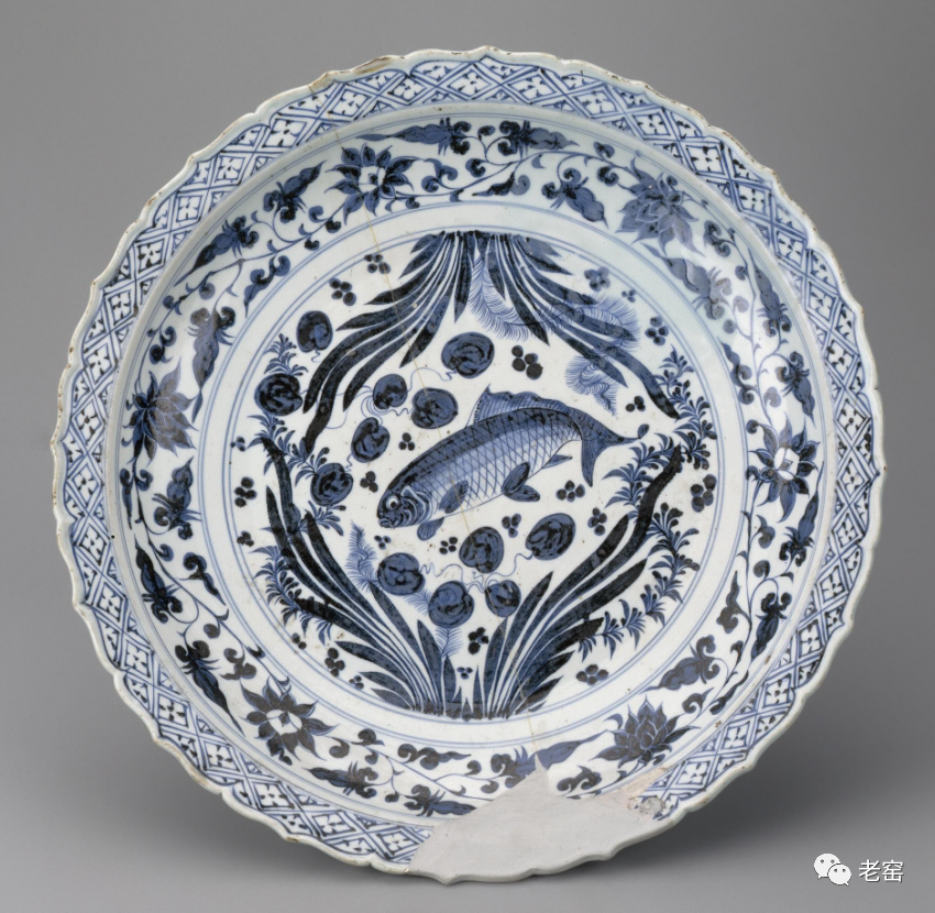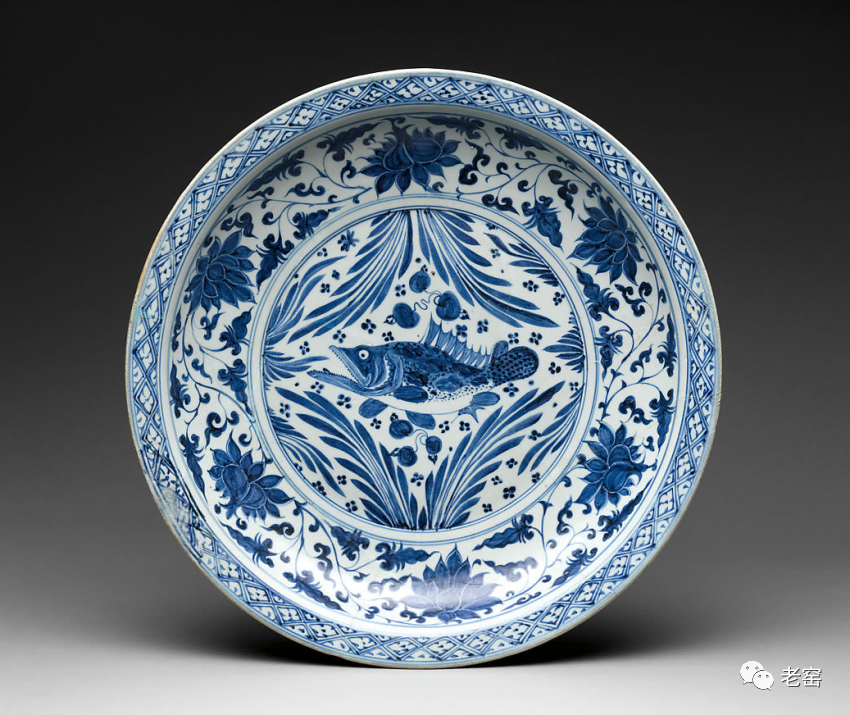 元 青花鱼藻纹盘(正面) 美国大都会博物馆藏
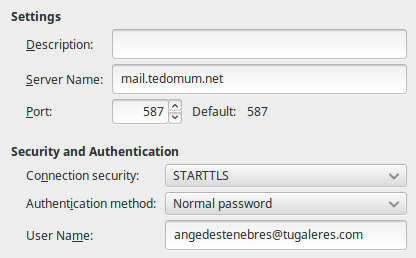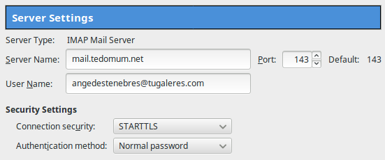 Il est également possible d’utiliser les adresses email hébergées chez TeDomum par le biais d’un client (Thunderbird, Outlook, Evolution, etc.).
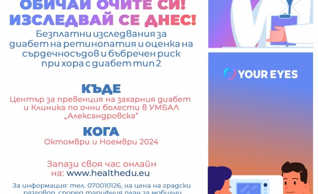 /КРОСС/ В периода 21 октомври - 15 ноември, екип от ендокринолози и офталмолози на УМБАЛ „Александровска" ще проведат безплатни изследвания на хора с диабет тип 2 в Центъра за превенция на захарния диабет и в Клиниката по очни болести на болницата. Записването е задължително и важи само за лица с поставена диагноза. Пациентите с диабет тип 1 се проследяват много по-усърдно от своите лични лекари и други специалисти.
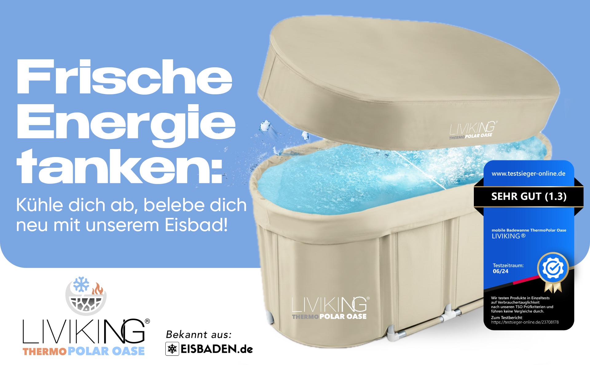 Erlebe die Vorteile von Eisbaden und Entspannung mit der multifunktionalen LIVIKING® Eisbadewanne. Perfekt für Eisbaden, Regeneration und Wellness – mobil, platzsparend und mit innovativer ThermoPolar-Isolierung für langanhaltende Temperaturkontrolle.

++++++

Nothing but the lines above from the one that has "Il est également" down to the one that has "и други специалисти." belongs in the answer, copied exactly, without pictures.

## Your solution
 Il est également possible d’utiliser les adresses email hébergées chez TeDomum par le biais d’un client (Thunderbird, Outlook, Evolution, etc.).
 /КРОСС/ В периода 21 октомври - 15 ноември, екип от ендокринолози и офталмолози на УМБАЛ „Александровска" ще проведат безплатни изследвания на хора с диабет тип 2 в Центъра за превенция на захарния диабет и в Клиниката по очни болести на болницата. Записването е задължително и важи само за лица с поставена диагноза. Пациентите с диабет тип 1 се проследяват много по-усърдно от своите лични лекари и други специалисти.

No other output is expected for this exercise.